The company frames all of this with the language of "Automated Customer Experience" (ACX), and more recently an "Agentic Customer Experience" operating model that it describes as combining technology, methodology, and services to build and maintain high-performing agents. Ada has also historically offered a more traditional scripted, rule-based chatbot alongside the generative AI agent.
Ada moved to outcome- or resolution-based pricing in 2023, charging customers for conversations the AI agent resolves rather than for every interaction or per seat. Conversations that fall back to a human are generally not billed as resolutions. The company has positioned itself toward higher-volume operations; third-party comparisons describe Ada as a fit for organizations with very large annual conversation volumes and as carrying a longer, professional-services-assisted implementation than some lighter-weight competitors. Ada does not publish standard list pricing.
Ada reports its scale primarily through volume of automated interactions and number of customers, and through customer case studies.
These adoption and revenue figures come largely from Ada's own statements and third-party databases and should be read as company-reported.

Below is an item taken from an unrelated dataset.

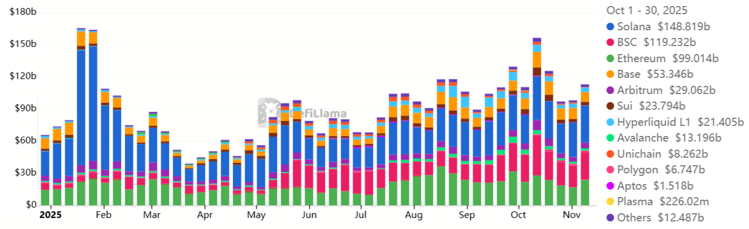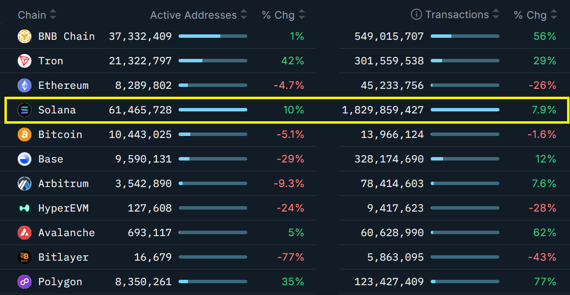 Son 30 günde Solana’daki ağ faaliyeti artış gösterdi; aktif adresler yüzde 10, işlemler ise yüzde 8 yükseldi. Karşılaştırıldığında, Ethereum aynı dönemde aktif adreslerde yüzde 5 düşüş ve işlemlerde yüzde 26 azalma yaşadı. Merkeziyetsiz borsa (DEX) alanında yükselen bir rakip olan Hyperliquid de zincir üstü faaliyetlerde yüzde 28’lik bir düşüş kaydetti.

Ada competes in a crowded market for AI customer service. Its closest comparisons include Intercom's Fin AI Agent, and a wave of newer agent-focused startups such as Decagon, Sierra (co-founded by former Salesforce co-CEO Bret Taylor), and Forethought, as well as incumbents and platforms like Zendesk, Salesforce (Einstein and later Agentforce), and IBM watsonx Assistant.
Independent comparisons tend to position Ada as an enterprise-grade, platform-agnostic agent that sits on top of an existing help desk, with deeper automation and resolution-based pricing, versus Intercom's Fin, which is native to Intercom's own suite, priced per resolved outcome, and generally faster and lighter to deploy. Ada often emphasizes its early move into conversational AI and generative AI (it was building automated support from 2016 and integrated large language models in early 2023, ahead of some incumbents that launched AI agents only after GPT-4) and its focus on a single, channel-spanning reasoning layer. As with all of these products, the underlying value proposition rests on reliably resolving customer issues, and analyses note the persistent risks of LLM hallucination and the commoditization pressure from general-purpose AI assistants.